"Арон Тамаши. Абель в глухом лесу " - читать интересную книгу автора

- Хорошо бы, конечно, если б собака, - вымолвил наконец.
- Спорим, что собака! На что?
- А вот на что: ты сейчас войдешь и собаку выгонишь, коли так уверен.
Я опять заморгал, как лягушка. Даже потом прошибло со страху. Но тут
подошла кошка, поглядела на меня и мяукнула, словно предлагая себя в
сотоварищи. С тех пор как свет стоит, никому и никогда не была кошка нужнее.
Я ее подхватил, поднес к порогу, перекрестил. И, приоткрыв дверь самую
малость, пустил в дом.
А сами с отцом стоим настороже, ждем, что будет.
Немного погодя услышали слабый стон, потом чуть слышное тявканье -
собака!
- Что я говорил, отец?! - закричал я и, как взаправдашний хозяин,
распахнул дверь.
То и вправду оказалась собака.
Обессилевшая от голода, чуть живая собака.

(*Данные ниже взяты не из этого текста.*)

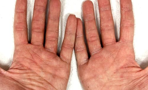 The patient was cooperative, admittedly anxious about his condition, able to verbally communicate clearly, and with normal vital signs and overall normal general appearance other than the skin findings. As noted in the baseline photographs, the palmar surface of hands was affected diffusely by erythema, xerosis, fine scaling, superficial fissuring, slight swelling, excoriations, lichenification, and hyperlinearity of the palms and soles.

Она лежала на клочке сена и, когда мы вошли, не смогла даже встать.
Лишь чуть-чуть приподняла голову и переводила глаза с меня на отца и с отца
на меня, как будто, умирая, никак не могла взять в толк, кто же из нас двоих
господь бог. Собака была вовсе не рыжая, как показалось нам из окна, под
лучами солнца, а скорее коричневая. И, хотя голод сильно ее обглодал,
довольно крупная, а может, показалось так из-за ее густой всклокоченной
шерсти.
Мы стояли над нею, как у ложа болящего.
- Видно, сам господь мне собаку послал, - сказал я наконец.
- Он, кто же еще, то-то она такая хворая, - отозвался отец.
- Может, кусок хлеба ей бросить?
- Только этого не хватало! - возразил отец. - Она ж, на голодное брюхо
хлеба всухомятку нажравшись, к вечеру тут окочурилась бы. Вот мы сейчас
согреем воды, заправим кукурузной мучицей не густо и дадим ей тепленького
похлебать...
Выходило, что собака теперь наша, а раз так, я ее тут же и окрестил,
нарек Блохою. Отчасти из-за окраса ее, конечно, но главная-то причина в
другом была - надеялся я, что и моей Блохе господь отпустит здоровья и
резвости, какие любой попрыгунье блохе причитаются.
Погладил я собаку, чтоб надежда силы ей придала, потом, по слову отца,
внес переметную суму и торбу, приставил то и другое к стене. Отец принялся
их разбирать, и пока он раскладывал мое обзаведение, что куда, я разглядывал
теперешний дом мой изнутри.
Комната была одна, но зато она оказалась довольно просторной, особенно
если вверх посмотреть, потому как ничего похожего на потолок там не
оказалось - одни только голые балки, а от них уходили вверх стропила, на
которых держалась почерневшая дощатая кровля. Что еще было в доме?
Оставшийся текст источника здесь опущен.